In announcing the awards Google said the recipients were selected “in part because the resulting techniques, tools and data will be broadly useful: they’ll help entire communities of scholars, not just the applicants.” The grant is eligible to be renewed for an additional year.

Brian Geiger, director of UC Riverside’s Center for Bibliographical Studies and Research (CBSR), said center staff and Benjamin Pauley, associate professor of English at Eastern Connecticut, will compare metadata about books in Google Books that were published before 1801 with descriptions of those books contained in the English Short-Title Catalog at UCR. In addition to the author and book title, metadata includes such details as the printer and year of publication, a physical description of the book, where copies of the originals are located, and general notes. Such information is critical for scholars, Geiger said, and is too often missing from the Google Books database.

Google Books has amassed scans of tens of thousands of books published before 1801, a period known to historians as the “hand-press era,” Geiger said. The archive has tremendous potential for transforming teaching and research in the humanities, especially for students and scholars at institutions that cannot afford access to costly commercial collections.

“This remarkable collection offers great potential for students and scholars of the early modern era (roughly the 17th and 18th centuries). But it suffers from one shortcoming: The metadata at Google Books is too inconsistent and cursory to allow for serious, detailed study of the books that the service holds,” Geiger wrote in the grant application. “In a period in which type was set by hand and print runs were small, there can be considerable variation among seemingly identical titles. These differences, even when small, often have substantial repercussions for understanding a time period or topic. For scholars of this era, whether they are in English, history, or interdisciplinary fields, the task is often not simply to find a text, but to understand which text they have found.”

The English Short-Title Catalog contains the highest quality records available of printed copies of books published before 1801, Geiger said. Begun in the late 1970s, the ESTC endeavors to record all surviving copies of works published anywhere in English or in any language in Great Britain and its dependencies from 1473 to 1800. It is a joint effort of the British Library, the CBSR, and contributing libraries throughout the world that has grown to approximately 500,000 items and 4 million holdings. The ESTC is widely regarded as the single most authoritative source for the identification of early modern editions.

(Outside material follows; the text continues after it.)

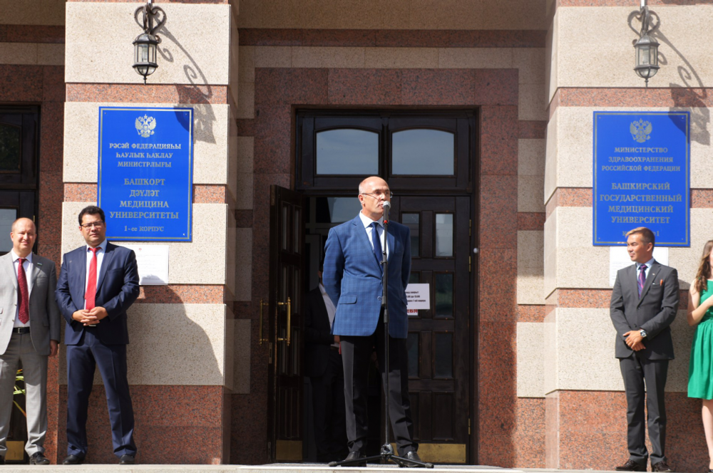 UFA, 2 September 2016. /Bashinform News Agency, Elmira Sabirova/. This academic year, over one thousand freshmen will study at Bashkir State Medical University. The Deputy Prime Minister of the Government RB Salavat Sagitov, the republican Health Minister Anvar Bakirov and the Rector of Bashkir State Medical University Valentin Pavlov congratulated them on the beginning of their studies.

The UC Riverside-Eastern Connecticut proposal calls for the researchers to match the Google Books data against that contained in the ESTC, embedding URLs for Google Books in appropriate ESTC records and sending high-quality metadata with ESTC IDs back to Google Books. Geiger estimates that there are between 150,000 and 200,000 pre-1801 works currently in Google Books and that the project will be able to match at least 80,000 of those to the English Short-Title Catalog using computers and student workers, a process that will take about six months.

For the remaining Google Books items, using Pauley’s “Eighteenth-Century Book Tracker” as a model, the two researchers hope eventually to develop a website that will allow users to match items in Google Books to ESTC records and edit those records based on information they find in the digitized copy, improving the bibliographical reliability of thousands of entries.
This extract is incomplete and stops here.